Конечно, погружение историка в исторический мир уместно связать с присущим Февру чувством историзма, однако можно указать и на другие интеллектуальные источники такой позиции. Вот показательная фраза:

«Освободимся от иллюзий. Человек не помнит прошлого. Он всегда реконструирует его — и абстрактный изолированный человек, и реальный человек в группе. Он не хранит прошлое в памяти... Он исходит из настоящего — и только через него истолковывает прошлое» .

Здесь очевидно влияние взглядов Мориса Альбвакса, согласно которым память есть существенно социальный феномен, так что реконст-руирование прошлого человеческим сообществом основывается на его коллективных потребностях, а не на автоматической фиксации прошлого в индивидуальном сознании . Но Альбвакс — ученик Дюркгейма, и, конечно же, его теория «социальных кадров памяти» — частный случай дюркгеймовского тезиса о социальности сознания. Характерно, что этот экскурс в теорию памяти в тексте Февра вклинивается в рассуждение об истории как о науке. Социальную память он противопоставляет научной истории, которая должна осознанно конструировать свои объекты. Но несмотря на это противопоставление параллель истории и памяти при-сутствует у Февра. Обреченность истории на конструктивизм лишь подчеркивается конструктивистским характером столь, казалось бы, «естественной» социальной памяти. Акцент на социальную функцию истории, — «организовывать прошлое в зависимости от настоящего» — видимо, происходит именно отсюда. Отсюда же и знаменитый «проблемный метод» Февра, составлявший главную особенность его «практической эпистемологии» — «идти прямо к проблемам», которые диктуются сегодняшним днем, — метод, возможный только на почве конструктивизма.

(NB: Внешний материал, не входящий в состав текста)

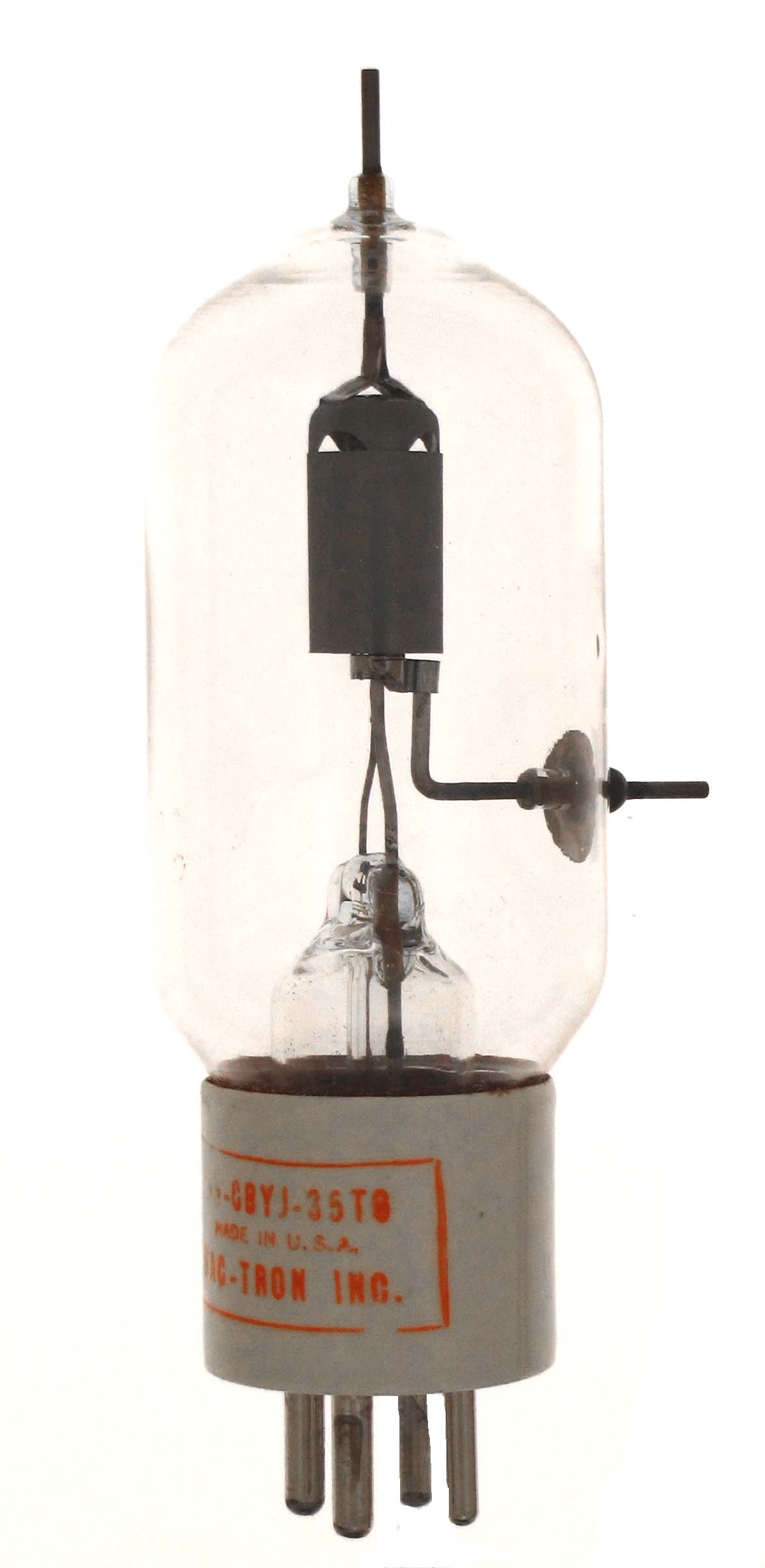 The 35TG is a 50 watt dissipation triode that has the same characteristics as the 35T except for the side grid pin on the 35TG and slight differences in capacities. Both have a mu of 39 and a maximum of 100 MHz for full ratings. The first example is the earliest version of the tube and the second is post war. The third example has been branded VAC-TRON but appears to be a late model Eimac.

Вместе с тем, с противопоставлением истории и памяти мы приходим ко второму, и важнейшему, аспекту февровского конструктивизма — к его связи с идеей эпистемологической купюры. Эта идея, обычно связываемая прежде всего с именем Гастона Башляра, была свойственна многим основателям социальных наук, стремившимся порвать с обыденным сознанием и возвысить познание дел человеческих до уровня науки. Таков был в значительной мере пафос Дюркгейма, конструктивизм которого предполагал разрыв с предрассудками обыденного сознания, зачастую непосредственно переносимыми в социологические объяснения. Именно ради этого Дюркгейм призывал рассматривать социальные факты извне, «как вещи», и объяснять их другими взятыми извне фактами. Но это означало, что факт не дан науке столь же непо-средственно, как обыденному сознанию. Напротив, научные факты должны быть сконструированы. Именно эта тема постоянно звучит и у Люсьена Февра:

«Что вы называете фактами?.. Думаете ли вы, что факты даются истории как некие субстанции, как сущности?.. Именно историк вызывает к жизни даже самые незначительные исторические факты... Наблюдение никогда не берет готовых фактов. Наблюдение — это конструирование... Где взять факт как таковой, пресловутый атом истории?.. Освободимся, наконец, от наивного реализма в стиле Ранке, который воображал, что можно познавать факты сами по себе, какими они происходили. Историческую реальность, как и реальность физическую, мы воспринимаем через посредство форм нашего разума... Всякая наука создает свои объекты» .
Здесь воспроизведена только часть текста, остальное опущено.